Dear Dr.Christina Heike Maaß ,

Thank you for submitting your manuscript to PLOS ONE. After careful consideration, we feel that it has merit but does not fully meet PLOS ONE’s publication criteria as it currently stands. Therefore, we invite you to submit a revised version of the manuscript that addresses the points raised during the review process.

Please submit your revised manuscript by 9th September 2022. If you will need more time than this to complete your revisions, please reply to this message or contact the journal office at plosone@plos.org. When you're ready to submit your revision, log on to https://www.editorialmanager.com/pone/ and select the 'Submissions Needing Revision' folder to locate your manuscript file.

Please include the following items when submitting your revised manuscript:

  • A rebuttal letter that responds to each point raised by the academic editor and reviewer(s). You should upload this letter as a separate file labeled 'Response to Reviewers'.
  • A marked-up copy of your manuscript that highlights changes made to the original version. You should upload this as a separate file labeled 'Revised Manuscript with Track Changes'.
  • An unmarked version of your revised paper without tracked changes. You should upload this as a separate file labeled 'Manuscript'.

If you would like to make changes to your financial disclosure, please include your updated statement in your cover letter. Guidelines for resubmitting your figure files are available below the reviewer comments at the end of this letter.

If applicable, we recommend that you deposit your laboratory protocols in protocols.io to enhance the reproducibility of your results. Protocols.io assigns your protocol its own identifier (DOI) so that it can be cited independently in the future. For instructions see: https://journals.plos.org/plosone/s/submission-guidelines#loc-laboratory-protocols. Additionally, PLOS ONE offers an option for publishing peer-reviewed Lab Protocol articles, which describe protocols hosted on protocols.io.

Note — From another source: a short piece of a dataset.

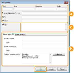 Wprowadź numer(y) faksu. W razie potrzeby między cyframi można umieścić myślniki. Aby dodać objaśnienie do numerów faksu, np. „Dom” czy „Biuro”, wprowadź je w pozycji [Opis].

Read more information on sharing protocols at https://plos.org/protocols?utm_medium=editorial-email&utm_source=authorletters&utm_campaign=protocols.

We look forward to receiving your revised manuscript.

Kind regards,

Ricky Chee Jiun Chia

Academic Editor

PLOS ONE

Journal Requirements:

Additional Editor Comments (if provided):

[Note: HTML markup is below. Please do not edit.]

Reviewers' comments:

Reviewer's Responses to Questions

Comments to the Author

1. Is the manuscript technically sound, and do the data support the conclusions?

The manuscript must describe a technically sound piece of scientific research with data that supports the conclusions. Experiments must have been conducted rigorously, with appropriate controls, replication, and sample sizes. The conclusions must be drawn appropriately based on the data presented.

Reviewer #1: Yes

Reviewer #2: Yes

**********

2. Has the statistical analysis been performed appropriately and rigorously?

Reviewer #1: Yes

Reviewer #2: Yes

**********

3. Have the authors made all data underlying the findings in their manuscript fully available?

The PLOS Data policy requires authors to make all data underlying the findings described in their manuscript fully available without restriction, with rare exception (please refer to the Data Availability Statement in the manuscript PDF file). The data should be provided as part of the manuscript or its supporting information, or deposited to a public repository. For example, in addition to summary statistics, the data points behind means, medians and variance measures should be available. If there are restrictions on publicly sharing data—e.g. participant privacy or use of data from a third party—those must be specified.

Reviewer #1: Yes

Reviewer #2: Yes

**********

4. Is the manuscript presented in an intelligible fashion and written in standard English?

PLOS ONE does not copyedit accepted manuscripts, so the language in submitted articles must be clear, correct, and unambiguous. Any typographical or grammatical errors should be corrected at revision, so please note any specific errors here.

Reviewer #1: Yes

Reviewer #2: Yes

**********

5. Review Comments to the Author

Please use the space provided to explain your answers to the questions above. You may also include additional comments for the author, including concerns about dual publication, research ethics, or publication ethics. (Please upload your review as an attachment if it exceeds 20,000 characters)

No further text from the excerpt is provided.